Hi, I’ve been into model Railroading my whole life, but the DCC is all new to me. My question is on a fairly simple layout with only 1 locomotive, can the track, being that it’s always hot and the controls are in the loco,can the track turn back on itself and go anywhere it wants with hand thrown switches. Or do you have to install insulated joiners and always check for correct positive and negative. Probably sounds like a silly question but I’m getting old. Lol. Thanks


----------



## wvgca (Jan 21, 2013)

same as DC, if there's a short there, there will be in DCC ...
DC or DCC , insulate reversing sections ..


----------



## Fire21 (Mar 9, 2014)

Others on here can explain it better, but this is the basic concept: You will need what's known as a reverser to accomplish this. Yes, you will need to isolate a section of track. Let's say you want to make a loop that ties back into itself. You would put insulators at the beginning and end of the loop. The feed from the power source would go to the reverser, and the feed from the reverser to the isolated section of track.
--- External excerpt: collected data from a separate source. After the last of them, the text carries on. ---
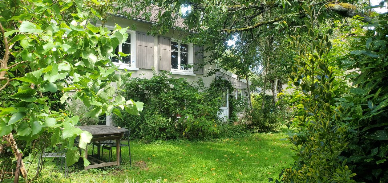 Maison Années 50 très agréable à vivre non mitoyenne avec jardin tout autour bien entretenue, très lumineuse, bien exposée (fenètres dans les 4 directions). ETAGE: entrée avec Wc séparés cuisine séjour parquet 2 chambres 1 salles d 'eau REZ DE CHAUSSEE: 2 chambres 1 salle de bains, garage, atelier/ serre extérieure de 15m2, jardin de 100 m2 avec potager en permaculture et arbres fruitiers, petite mare. A 100 mètres de la forêt de Fontainebleau, gare à 400 mètres train toutes les heures pour la Gare de Lyon (55 minutes). Très beau cadre de vie, village de charme avec tous commerces: école, médecins, supermarché, boulangerie, restaurants, ... à pieds. situé à 10 km de Fontainebleau,10Km Nemours et 10Km Moret sur loing.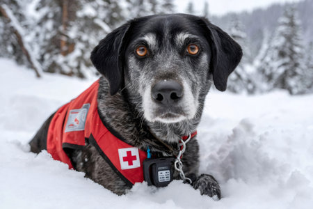 Senior black and gray dog wearing a red search and rescue vest lying down in the snow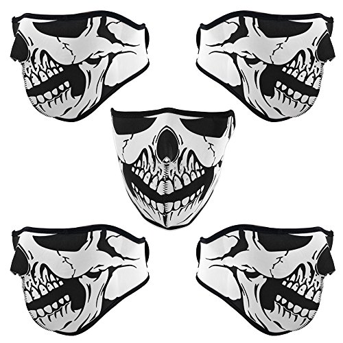 -. Title : 5pcs Unisex Reversible Half Face Mask Skull Warm Neoprene Motorcycle Biker Cycling Ski Snowboard (Black & White)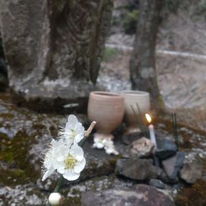 山奥自宅から隣町の渓谷へ 山深く道を行き 深く深く渓谷に入る 老母の人生に大きく影響し、我が家の歴史の中で言い伝えられている大切な大切な方の亡くなった場所 もう亡くなって80年 3月21日が命日 その謂れを幼い頃から聴かされてきた 山奥自宅のシキミと梅を供え、静かに老母と手を掌わす 「想い偲び祀る心は伝わり、何かを知らせて下さる時、それを感じる心を私達は持てる」 と老母は言う 梅の香りを共に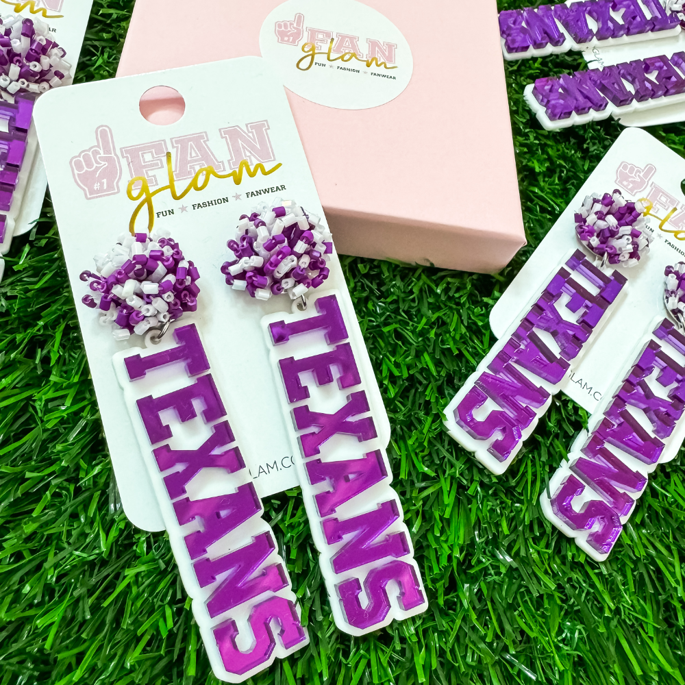 Bring the spirit and sparkle with these bold and playful “TEXANS” earrings! Featuring eye-catching purple and white beaded pom studs and a vertical acrylic “TEXANS” drop, these earrings are perfect for game day, tailgates, or showing off your team pride in style. Lightweight and full of personality!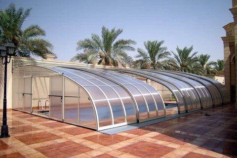 The STYLE™ pool enclosure is designed to cover pools near a house wall or a standalone wall. Thanks to the arched aluminum profile shape, it blends seamlessly with the structure and creates a compact aesthetic solution.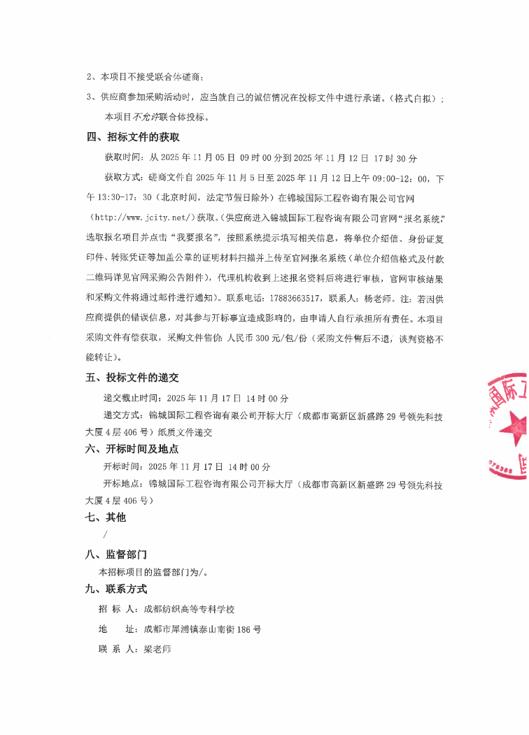 成都纺织高等专科学校校园网连通运营商光纤链路服务项目采购公告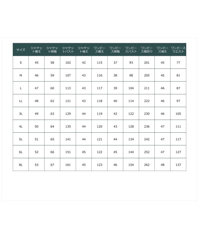 品質=<ジャケット>[表地]ポリエステル97%・ポリウレタン3%[裏地]ポリエステル100% <ワンピース>[表地]綿100%[裏地]ポリエステル100%【裏地】ジャケット:有(総裏)、ワンピース:有(身頃部)ジャケット:前ホック開ワンピース:後ファスナー開この商品は2点同サイズのみで販売します。レース柄の出方が多少異なる場合があります。 繊細なレースを使用しているため、引っかかりなどにご注意ください。※注意コメントデザインによりサイズ感が異なりますので、詳しい仕立てサイズ表をご確認ください。お客様のパソ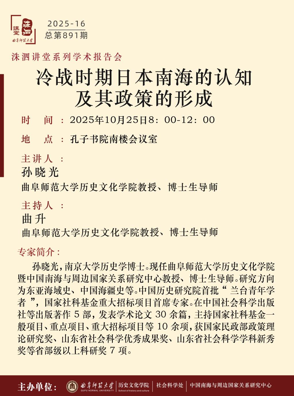 洙泗讲堂预告 | 孙晓光:冷战时期日本南海的认知及其政策的形成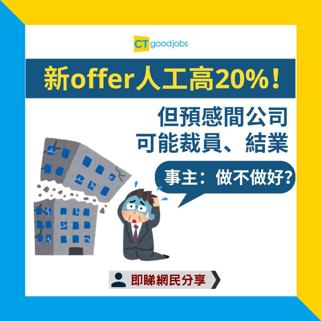 【職場熱話】新offer人工高20%!但預感間公司可能裁員、結業 事主:做不做好?

When the loco comes along, and the metal wheel crosses over the insulator, it causes a short, but the reverser senses this and reverses "polarity" of the isolated section. When it crosses over the other insulator, it again reverses the polarity, so the engine doesn't stop moving. And it does it so quickly that the headlight doesn't even blink!! Ahhh, modern technology!


----------



## DonR (Oct 18, 2012)

51 Chevy

(My first car...a used 51 Chevy 2 door hardtop with
POWERGLIDE auto transmission!!! Beautiful 2 tone
green paint)

But back to reality...anytime a train on your layout
can go around a loop and go back the way it came
you will have what we call a 'reverse loop'. This is
a problem since the Right rail goes around and comes
back to join the Black rail, thus an electrical short circuit.
This is true whether DC or DCC. There are totally
automatic reverse loop controllers that let you run
your trains thru the loop without having to stop or
flip switches (other than the turnout points, of course).
You must use insulated joiners at both ends of the
loop. The resulting isolated section is powered by
the reverse loop controller.

So you understand what happens: When your
loco wheels span the insulated joiners there is a
'short', but the fast acting controller senses this
and 'matches' the 'polarity' so that the loco continues
without pause. When it reaches the other end of the loop
the wheels again 'short' and again the controller reacts
by again matching polarity in the isolated track. The
train continues, the light doesn't even blink. It's all
automatic.

Don


----------



## Fire21 (Mar 9, 2014)

51 chevy, keep this in mind also: If your rolling stock has metal wheels, they also will cause the reverser to change polarity, which will cause your reverser to become confused...in other words, the dead short which you're trying to avoid. So, the whole length of your train needs to fit on the isolated section of track. If you have plastic wheels, there are no worries.


----------



## DonR (Oct 18, 2012)

Fire21 is correct. Metal wheels do short when
spanning the insulated joiners that form an
isolated reverse loop section. However, if
your isolated section is longer
than the longest lighted passenger train...or, if you
have metal wheels on your freight cars, longer than
that train you would have no problem.

Don


----------